Note also that we defined the synchronous output as the multiplication of the spike trains convolved with a Gaussian filter. This allowed us to derive expressions for the coherence of the synchronous output but at the same time is a rather strict notion of synchrony. Every neuron in the population needs to fire a spike within the width of the filter to result in a non-zero synchronous output. This notion of synchrony compares well to the binning method for two spike trains (Fig. 12) as used for analyzing the data by Middleton et al. (2009). However, for populations larger than a few neurons this definition of synchrony results in vanishing output rates. The more realistic situation is a much larger population of neurons that converges onto a target neuron and that the synchronous activity of only a certain fraction of the neurons is sufficient to trigger an action potential in the target neuron. This would result in higher synchronous outputs. Simulations show that in such a case the response of the target neuron has a peak in the coherence as well (Middleton et al. 2009), demonstrating that our results translate to larger populations of neurons with a softer synchrony criterion.

Our theory generally demonstrates that by solely reading out synchronous spikes from a population of neurons receiving a common stimulus a target neuron can selectively extract specific features of the stimulus, namely those frequency components that are close to the firing rate of the input population. This is in marked contrast to the much more broad-band coherence between all spikes of such a population and the stimulus. The non-linear operation of reading out synchronous spikes thus processes the information about the stimulus that is contained in the spiking activity of a population of neurons. In addition, this offers the possibility of a parallel readout of different levels of synchrony by different target neurons in order to extract different aspects of the encoded common stimulus.

In the electrosensory system of weakly electric fish electric stimuli are encoded by a population of electroreceptors. The receptor afferents project to pyramidal cells in three parallel maps. There is experimental evidence that in the map where the pyramidal cells have a peaked coherence function (Krahe et al. 2008) the pyramidal cells indeed read out synchronous spikes by coincidence detection from about one thousand afferents (Maler 2009). In another map, where only about ten afferents converge onto a target cell, the pyramidal cells show a broad-band coherence and presumably decode all input spikes (Middleton et al. 2009). Since this effect is a quite general property of populations of spiking neurons we expect it to be employed in many other sensory systems as well. In higher processing stages of the brain, however, where neurons have low firing rates and operate in their fluctuation driven regime reading out different levels of synchrony does not yield different aspects about the signal anymore.

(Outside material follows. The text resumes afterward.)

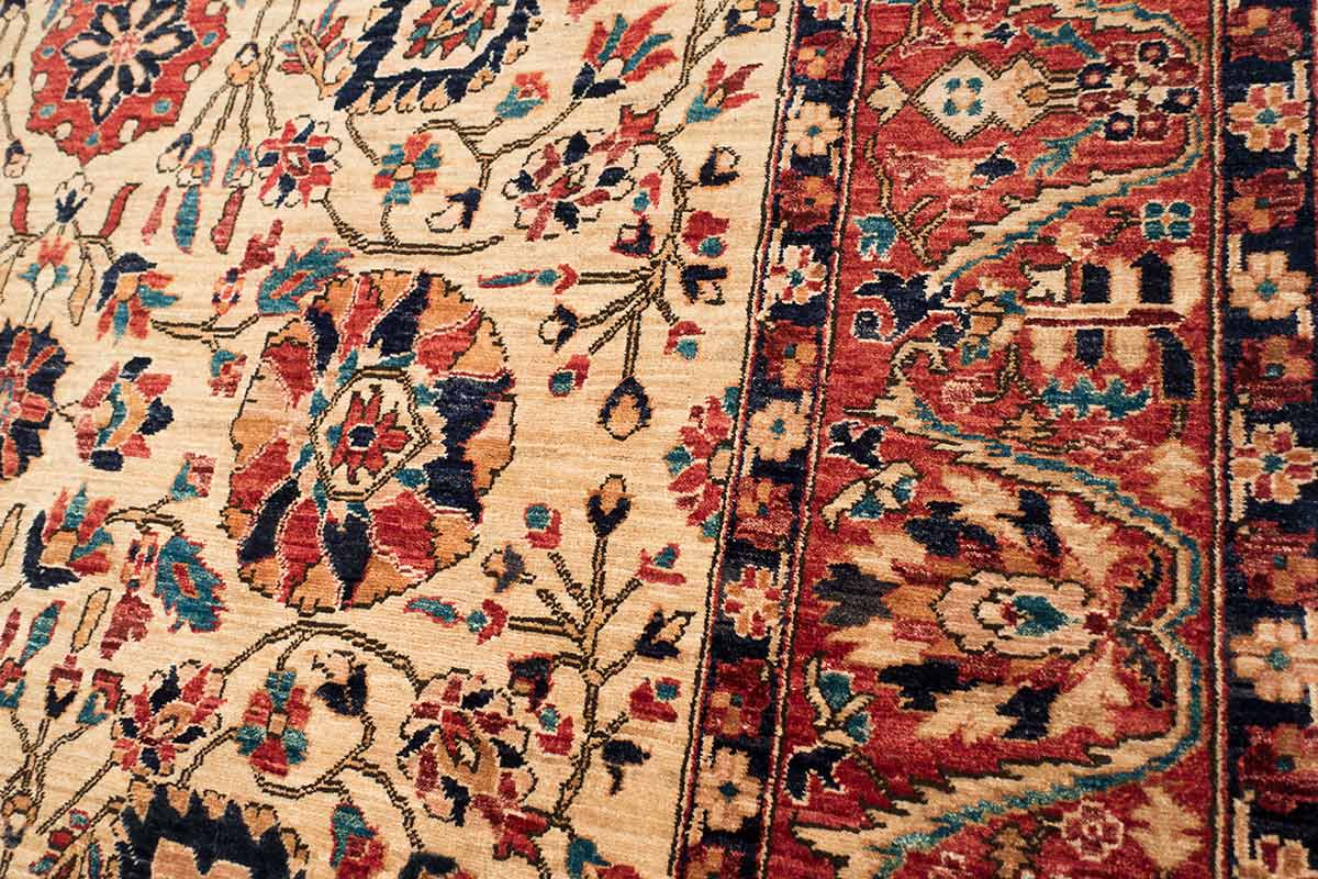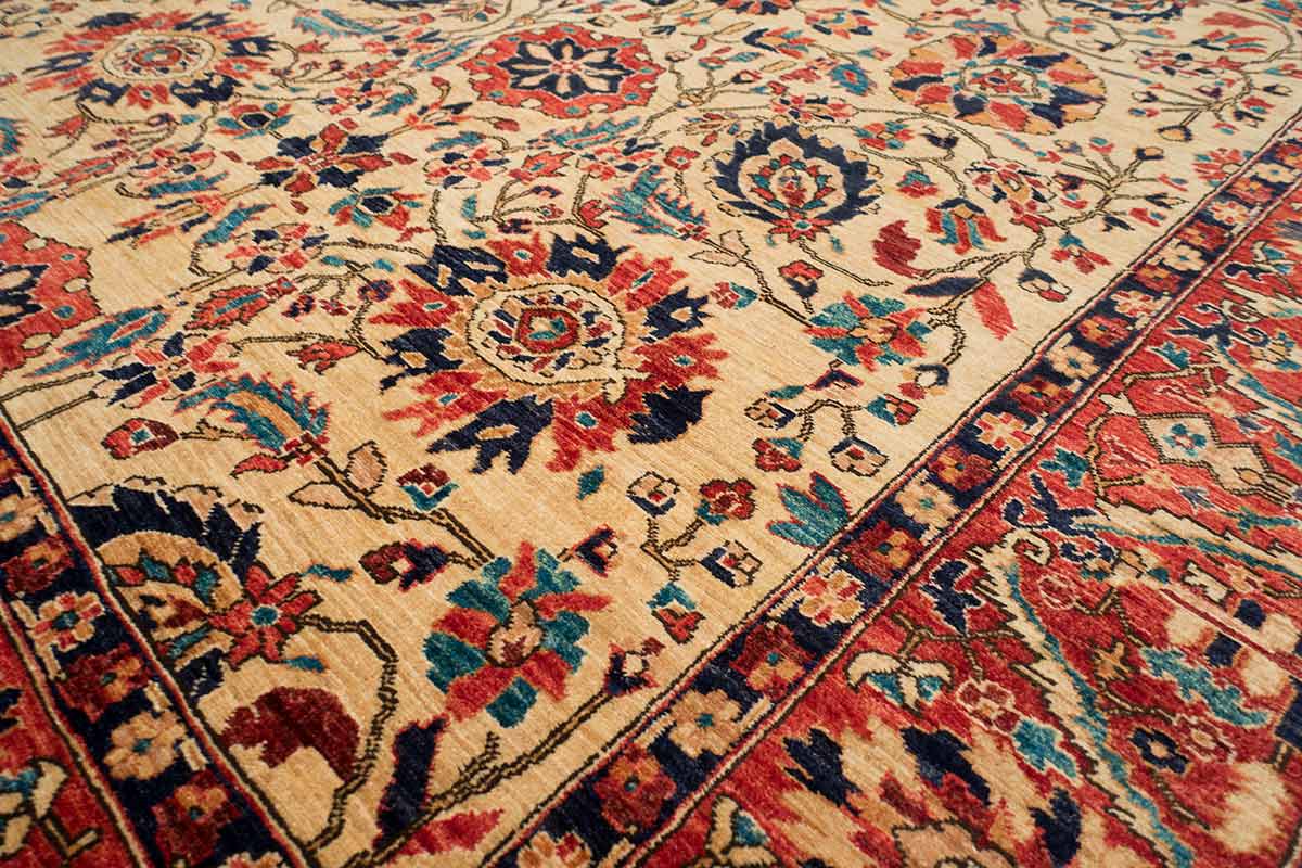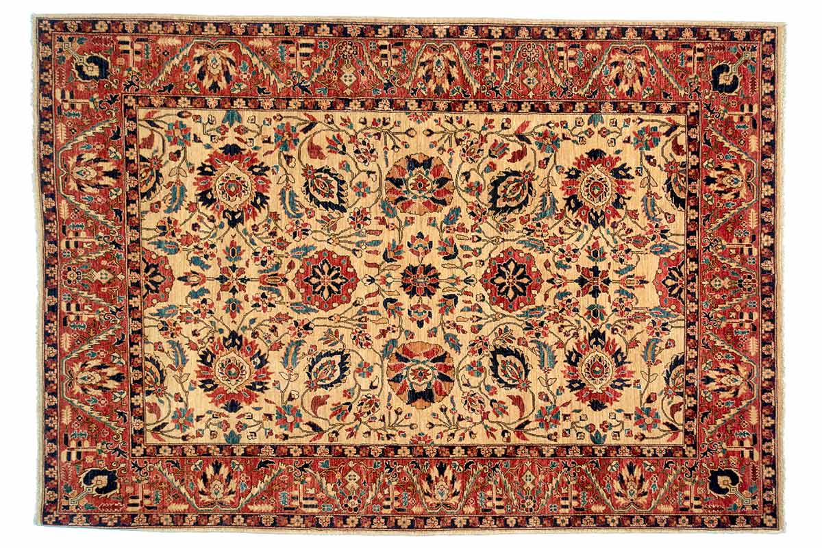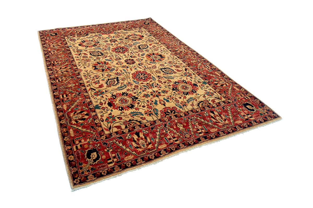 Tappeto afghano Shams realizzato a mano da esperti artigiani annodatori afgani con lane ritorte a mano e tinte vegetali. E’ un tappeto caratterizzato da raffinati disegni floreali e realizzato con materie prime e rifiniture pregiate. I colori utilizzati sono eleganti sfumature di oro e rosso. Questo tappeto è particolarmente adatto per ambienti classici ma può convivere molto bene in case con arredamenti moderni.
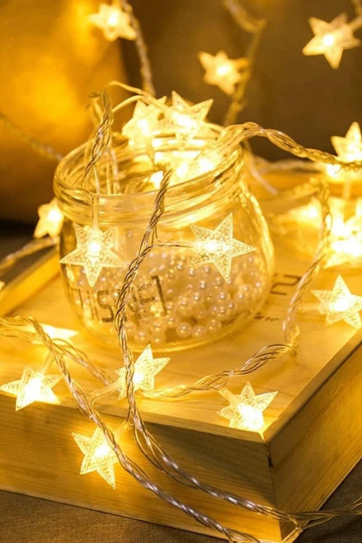 Dekoratif Aydınlatma: Yıldız şekilli 20 LED ampul, 5 metre uzunluğunda kablo üzerinde eşit aralıklarla dizilmiştir.

Our analytical approach can be also extended to other filter functions, to heterogeneous populations of neurons, and to populations, in which only a fraction of cells receives the common stimulus. A more advanced generalization of the theory concerns populations of coupled neurons instead of neurons that are only synchronized by a common drive. In the coupled case, the shaping of the information transfer in the synchronous activity may be even more severe. These are exciting problems for future studies on information transfer in neural populations.